**Data extract:**
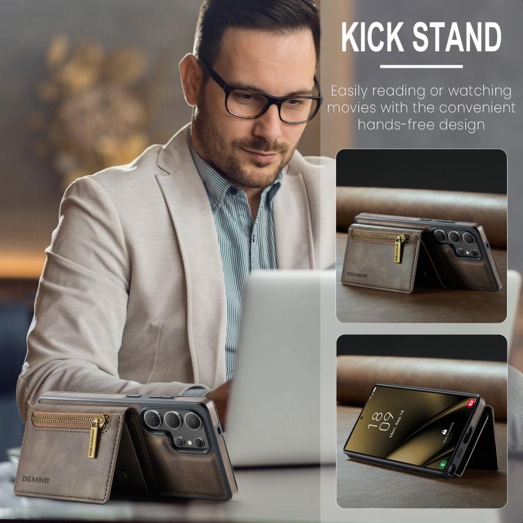 For Samsung Galaxy S25 Ultra 5G DG.MING M5 Series Zip RFID Multi Card Detachable Leather Phone Case(Coffee)
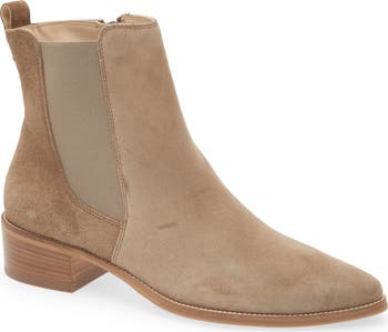 A pointy toe furthers the streamlined profile of a season-spanning suede bootie fitted with a goring inset and full-length side zipper for easy wear.
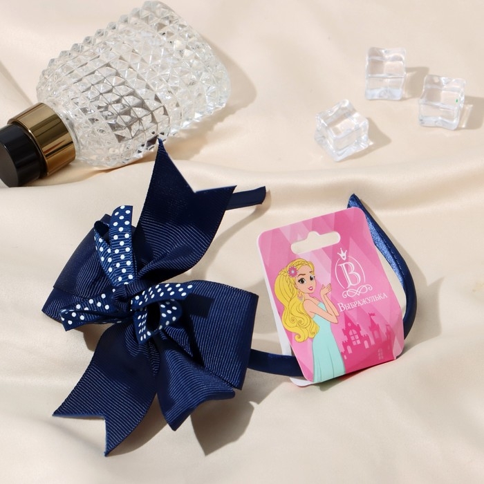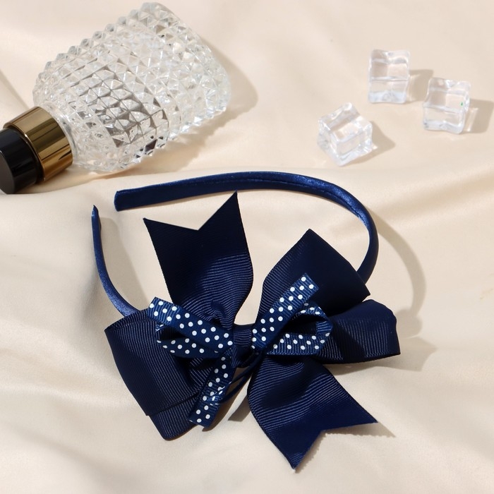 Ободок для волос "Школьница" бант в горошек, 1 см, синий
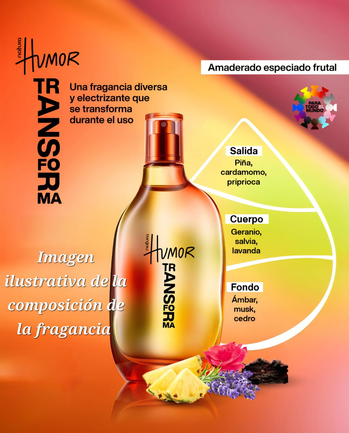 Querés una fragancia fresca y versátil para tu día a día, con un toque de originalidad? El Body Splash Humor Transforma es ideal para acompañarte con su frescura frutal, su costado amaderado suave y ese punto especiado que le da personalidad sin resultar invasivo.

**Problem statement:** Word for word, return the listing above; the pictures do not belong in the copy.

**Response:**
 For Samsung Galaxy S25 Ultra 5G DG.MING M5 Series Zip RFID Multi Card Detachable Leather Phone Case(Coffee)
 A pointy toe furthers the streamlined profile of a season-spanning suede bootie fitted with a goring inset and full-length side zipper for easy wear.
 Ободок для волос "Школьница" бант в горошек, 1 см, синий
 Querés una fragancia fresca y versátil para tu día a día, con un toque de originalidad? El Body Splash Humor Transforma es ideal para acompañarte con su frescura frutal, su costado amaderado suave y ese punto especiado que le da personalidad sin resultar invasivo.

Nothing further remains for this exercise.